EXERCISE DESCRIPTION:
Reproduce the listing below character for character; drop every image.

DATA SHOWN:
* * * * * * *

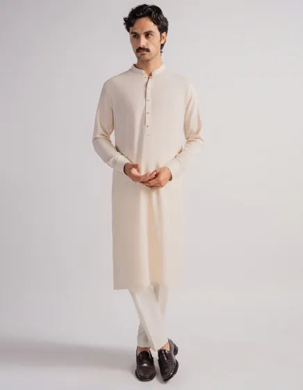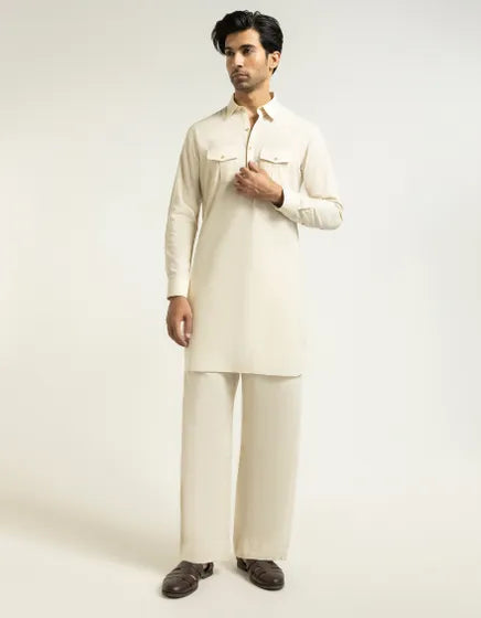 CREAM CASUAL KURTA TROUSERS | FESTIVE '26 | JUNAID JAMSHED MENSWEAR
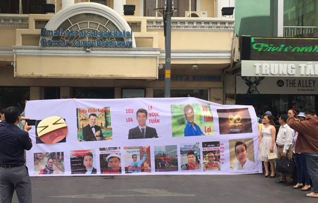 Hình ảnh của những người đứng đầu vụ lừa đảo tiền ảo trị giá 15 nghìn tỷ đồng được các nạn nhân in ra để tố cáo.
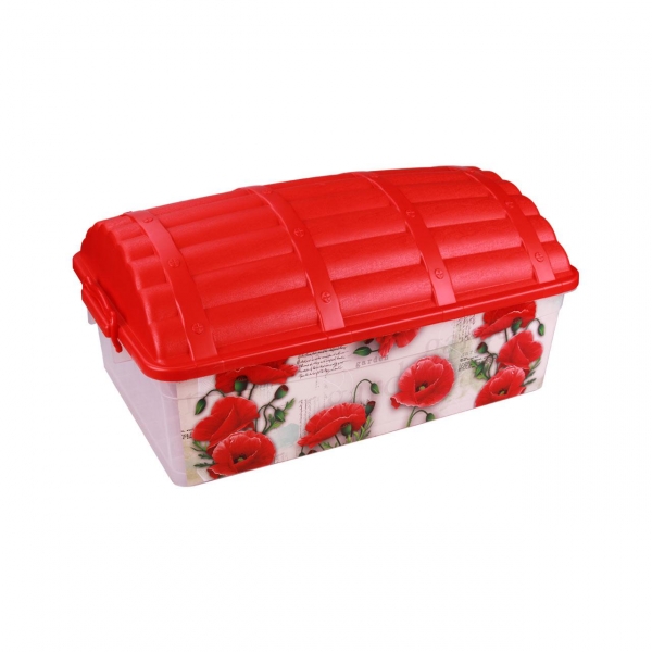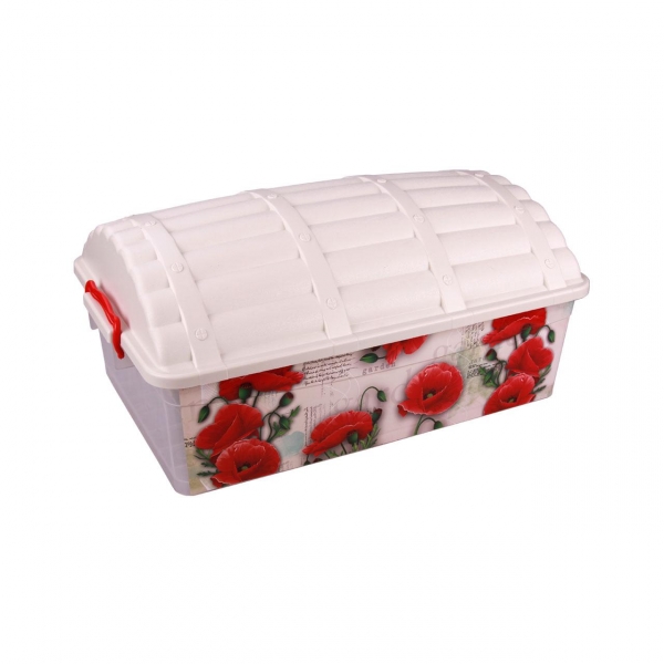 Это очень удобный контейнер, выполненный из высококачественного, прочного пластика, предназначенный для хранения карандашей, игрушек и т.д.На боковинах контейнера нанесена красивая аппликация в виде прекрасных маков. Благодаря герметичной крышке все игрушки будут защищены от пыли. Ящик имеет сглаженные углы, поэтому родители могут не беспокоиться о возможных ушибах. Ребенок может как играть с ним, так и складывать туда игрушки.

* * * * * * *

TASK SOLUTION:
 CREAM CASUAL KURTA TROUSERS | FESTIVE '26 | JUNAID JAMSHED MENSWEAR
 Hình ảnh của những người đứng đầu vụ lừa đảo tiền ảo trị giá 15 nghìn tỷ đồng được các nạn nhân in ra để tố cáo.
 Это очень удобный контейнер, выполненный из высококачественного, прочного пластика, предназначенный для хранения карандашей, игрушек и т.д.На боковинах контейнера нанесена красивая аппликация в виде прекрасных маков. Благодаря герметичной крышке все игрушки будут защищены от пыли. Ящик имеет сглаженные углы, поэтому родители могут не беспокоиться о возможных ушибах. Ребенок может как играть с ним, так и складывать туда игрушки.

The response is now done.